Какое-то время мальчик стоит в полном недоумении, улыбка медленно сходит с его лица, глаза его округляются, стекленеют, и вдруг он начинает голосить нечеловеческим голосом. На него тут же набрасываются паломницы, пытаются заткнуть ему рот и связать руки полотенцем, в которое обычно заворачивают просфоры, хватают его за ноги, бьют по щекам в надежде угомонить. Но сделать это совсем непросто. Мальчик катается по полу, извивается подобно змею, хватает паломниц за волосы, пытается укусить, переворачивается на живот и пытается уползти по-пластунски от своих мучителей. Уползает все-таки и прячется под чаном со святой водой.

Пророк отворачивается.

Николай Васильевич отвернулся от зеркала, из глубины которого, как из рубленного в лапу дубового сруба источника, на него смотрел абсолютно незнакомый ему, всплывший с самого дна человек, воображавший себя Гоголем.

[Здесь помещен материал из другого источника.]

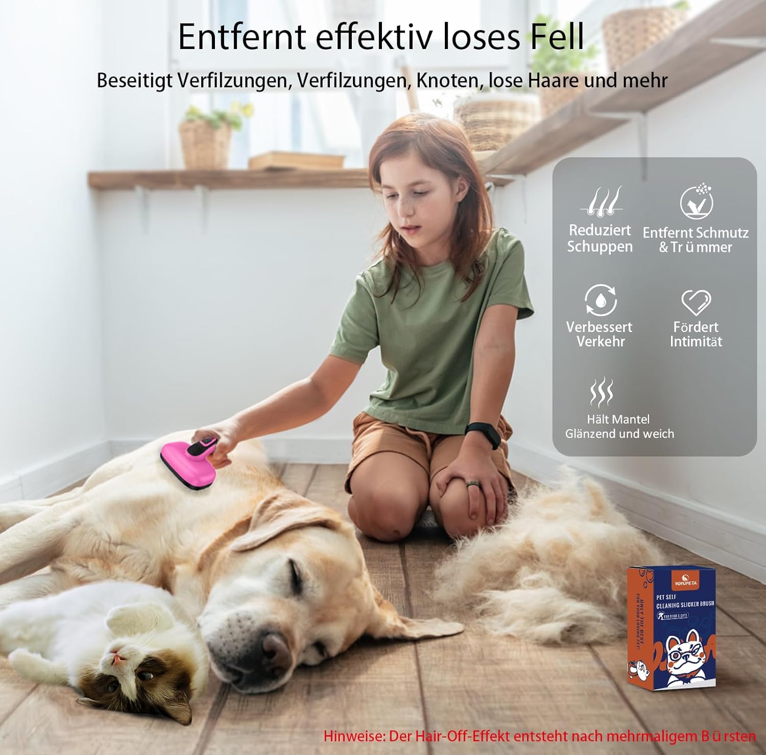 - Easy-to-Use Self-Cleaning Design: Effortlessly remove loose pet hair with the push of a button. Our brush features retractable pins for easy cleaning, ensuring no more loose hair floating around. Great for indoor use.

Я воображал себя колядующим и надевал на лицо маску какого-то неизвестного науке рогатого чудища. Чудище открывало рот, высовывало красный язык, пытаясь дотянуться им до подбородка.

Я воображал себя покорителем орнамента. Всех этих листьев папоротника, посохов с навершиями в виде дикириев и трикириев, павлиньих хвостов, бунчуков, зрячих ладоней, верблюдов вниз головой и их погонщиков, оранжевых цветов, арабской вязи, плетенных из бересты наперсных крестов, рыб вверх плавниками и рыб с глазами, рипид, украшенных золотом, курдючных овец, велосипедных спиц, сияющих на солнце, как символ святости, да балканских украшений в виде восьмиконечных рождественских звездиц.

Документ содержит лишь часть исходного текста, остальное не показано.